The paper is preclinical and rodent-only — no human data. The 11-day treatment duration is short relative to the chronic-exposure context that biohacker oral use describes; chronic-toxicology data at multi-month timescales relevant to practitioner use have not been published. The administration route in the efficacy study was subcutaneous rather than oral, and although the paper characterized membrane permeability, an in-vivo oral pharmacokinetic comparison at the doses producing the efficacy readout has not been published — the gray-market use of oral 5-Amino-1MQ in humans rests on the assumption that the molecule's small size and lipophilicity translate to oral bioavailability, not on a characterized oral AUC and Cmax. The sample size was modest (n=9 per group per the paper's primary analysis), adequate for the mouse-level effect-size estimation but small for any precision claim. The mouse model is diet-induced obesity in C57BL/6 — the conventional rodent obesity model with the conventional translational caveats.
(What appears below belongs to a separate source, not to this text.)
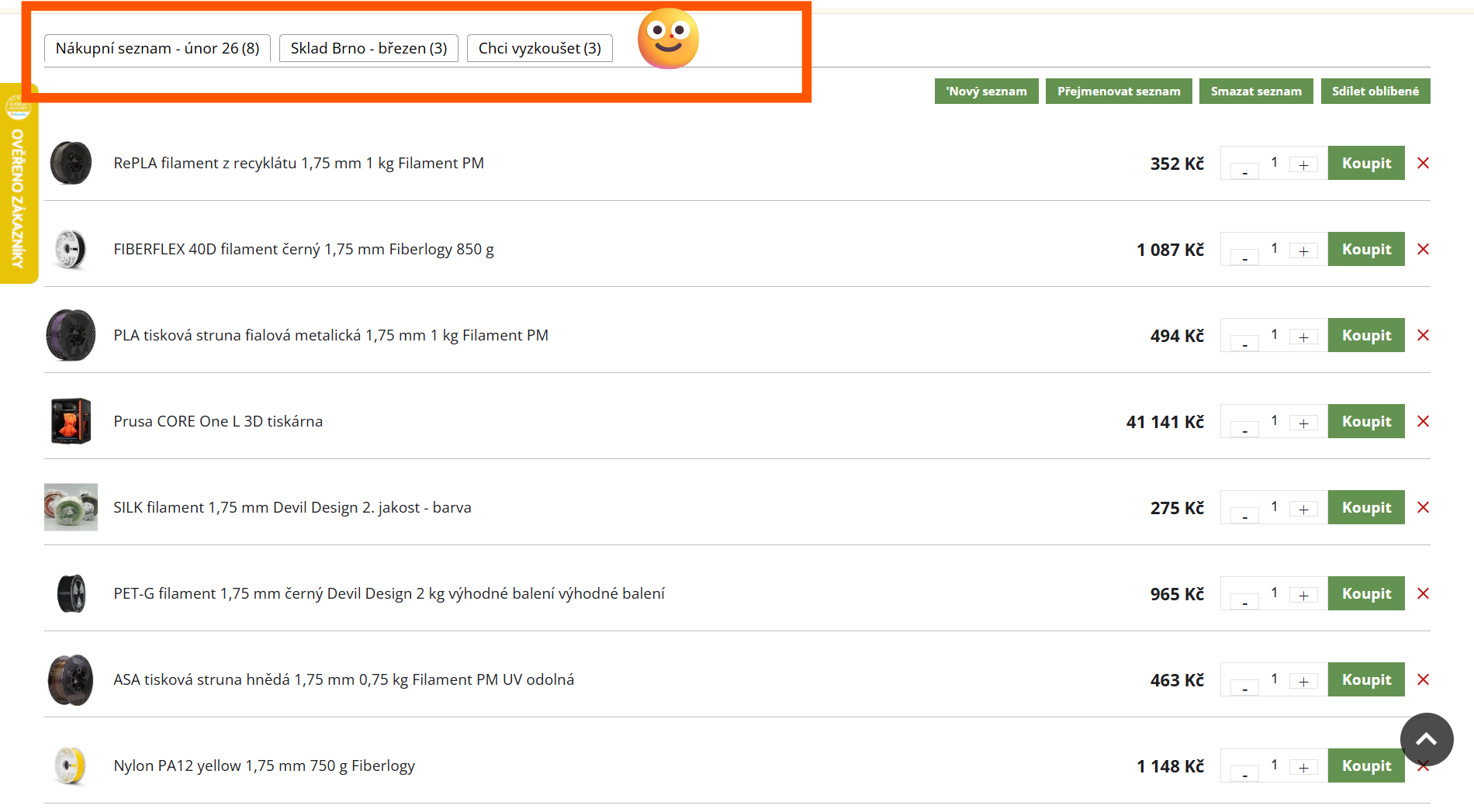 Valentýn je jen připomínka. Srdce ale může být každodenním pomocníkem při nákupu všeho, co potřebujete pro váš 3D tisk. Klikněte na ❤️, vytvořte si první vlastní seznam a zjednodušte si práci.

The SAM-elevation finding mirrors the Kraus 2014 phenotype and carries the same chronic-exposure-uncharacterized methylation-cycle question: sustained elevation of cellular SAM could in principle perturb DNA methylation maintenance and histone-methylation patterns over long timescales, and no published study of any NNMT inhibitor has characterized this potential consequence at multi-month exposure. The cation-versus-iodide-salt molecular-weight distinction (cation ~159 Da, iodide salt ~286 Da) introduces a dose-labeling source of variance for gray-market supply that the original pharmacology paper used the cation-equivalent doses for. Sponsorship and conflicts disclosed in the paper. The translational gap between this mouse pharmacology and the /peptides/5-amino-1mq practitioner-use context is the central caveat the broader peptide-page assembly treats.